=== Supplied information ===

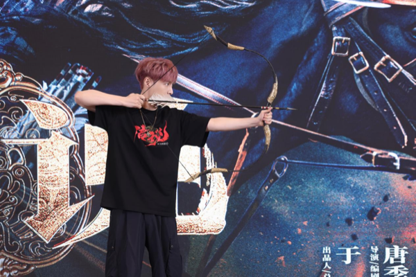 张艺兴说起在新疆拍戏的经历特别兴奋,给人感觉有“使不完的牛劲”。他表示特别喜欢新疆拍戏的节奏:“新疆的白天特别长,就感觉好像一直没有黑天一样,拍打戏从早上一直拍,一问时间,晚上11点了,但天还是亮的,特别喜欢这个节奏。”随后他又在现场展示了自己精心设计过的武器——一把在两边加上短刃的弓。张艺兴透露,这是他饰演的西汉将领华峻使用的武器,既可以远距离射杀敌人,也可以近战对抗敌人:“设计了这个弓之后,大哥就一直陪我套招,我所有的动作都是大哥帮我套的。”成龙则对张艺兴的打戏表现赞不绝口:“艺兴本身是学跳舞的,学动作学得特别快,别人可能一次只记得一两招,他可以记个七八招甚至十几招,很聪明的年轻人。”
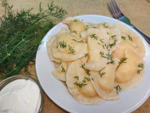 Можно раскатать круг диаметром примерно 40-50 см, толщиной не больше 3 мм. Кондитерским кольцом вырезать кружочки нужного вам диаметра. На каждый из них выложить картофельную начинку и закрепить края вареников.
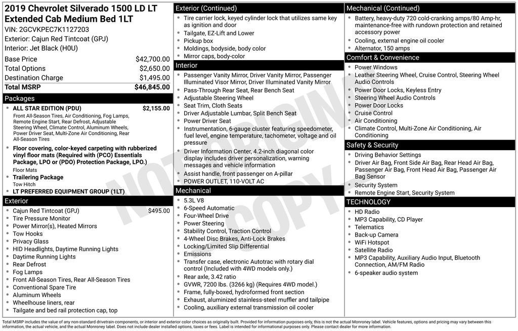 Certified. 1-Owner, Dealer Inspection Completed, A copy of the vehicle inspection is available upon request, Vehicle Detailed Inside and Out, Recent Oil Change Completed, New Wiper Blades Installed, Silverado 1500 LD LT, 6-Speed Automatic Electronic with Overdrive, 4WD, Cajun Red Tintcoat, Black Cloth, 10-Way Power Driver's Seat Adjuster, 110-Volt AC Power Outlet, 3.42 Rear Axle Ratio, 4-Wheel Disc Brakes, 6 Speakers, ABS brakes, All Star Edition, AM/FM radio: SiriusXM, Dual front impact airbags, Dual front side impact airbags, Dual-Zone Automatic Climate Control, Electronic Stability Control, Emergency communication system: OnStar and Chevrolet connected services capable, Front anti-roll bar, Fully automatic headlights, Integrated Trailer Brake Controller, Manual Tilt & Telescoping Steering Column, Occupant sensing airbag, Overhead airbag, Premium audio system: Chevrolet MyLink, Rear-Window Electric Defogger, Remote Locking Tailgate, Remote Vehicle Starter System, Steering wheel mounted audio controls, Traction control, Unauthorized Entry Theft-Deterrent System. EcoTec3 5.3L V8 Cajun Red Tintcoat 2019 Chevrolet Silverado 1500 LD LT
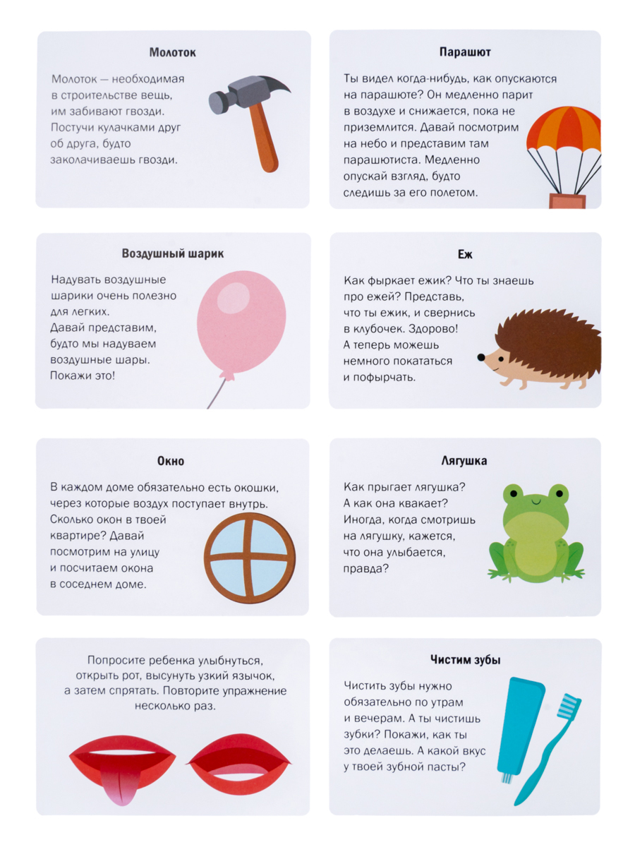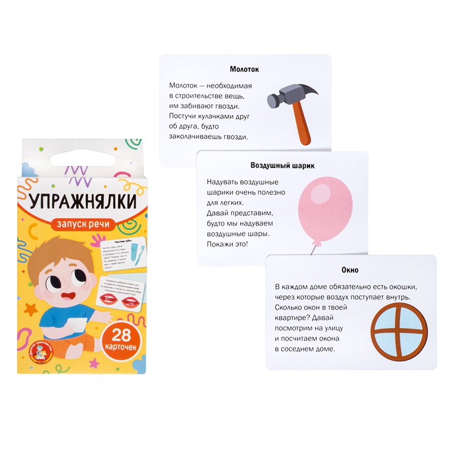 Каждая из 28 карточек снабжена красочной картинкой и понятным описанием, что делает выполнение гимнастики доступным и интересным даже для самых маленьких. Регулярные занятия способствуют формированию четкой дикции, укреплению мышц языка и губ, а также создают прочную базу для дальнейшего развития речи.

===

* _Required action_:
A verbatim copy of the listing, with all pictures removed, is required.

* _Task response_:
 张艺兴说起在新疆拍戏的经历特别兴奋,给人感觉有“使不完的牛劲”。他表示特别喜欢新疆拍戏的节奏:“新疆的白天特别长,就感觉好像一直没有黑天一样,拍打戏从早上一直拍,一问时间,晚上11点了,但天还是亮的,特别喜欢这个节奏。”随后他又在现场展示了自己精心设计过的武器——一把在两边加上短刃的弓。张艺兴透露,这是他饰演的西汉将领华峻使用的武器,既可以远距离射杀敌人,也可以近战对抗敌人:“设计了这个弓之后,大哥就一直陪我套招,我所有的动作都是大哥帮我套的。”成龙则对张艺兴的打戏表现赞不绝口:“艺兴本身是学跳舞的,学动作学得特别快,别人可能一次只记得一两招,他可以记个七八招甚至十几招,很聪明的年轻人。”
 Можно раскатать круг диаметром примерно 40-50 см, толщиной не больше 3 мм. Кондитерским кольцом вырезать кружочки нужного вам диаметра. На каждый из них выложить картофельную начинку и закрепить края вареников.
 Certified. 1-Owner, Dealer Inspection Completed, A copy of the vehicle inspection is available upon request, Vehicle Detailed Inside and Out, Recent Oil Change Completed, New Wiper Blades Installed, Silverado 1500 LD LT, 6-Speed Automatic Electronic with Overdrive, 4WD, Cajun Red Tintcoat, Black Cloth, 10-Way Power Driver's Seat Adjuster, 110-Volt AC Power Outlet, 3.42 Rear Axle Ratio, 4-Wheel Disc Brakes, 6 Speakers, ABS brakes, All Star Edition, AM/FM radio: SiriusXM, Dual front impact airbags, Dual front side impact airbags, Dual-Zone Automatic Climate Control, Electronic Stability Control, Emergency communication system: OnStar and Chevrolet connected services capable, Front anti-roll bar, Fully automatic headlights, Integrated Trailer Brake Controller, Manual Tilt & Telescoping Steering Column, Occupant sensing airbag, Overhead airbag, Premium audio system: Chevrolet MyLink, Rear-Window Electric Defogger, Remote Locking Tailgate, Remote Vehicle Starter System, Steering wheel mounted audio controls, Traction control, Unauthorized Entry Theft-Deterrent System. EcoTec3 5.3L V8 Cajun Red Tintcoat 2019 Chevrolet Silverado 1500 LD LT
 Каждая из 28 карточек снабжена красочной картинкой и понятным описанием, что делает выполнение гимнастики доступным и интересным даже для самых маленьких. Регулярные занятия способствуют формированию четкой дикции, укреплению мышц языка и губ, а также создают прочную базу для дальнейшего развития речи.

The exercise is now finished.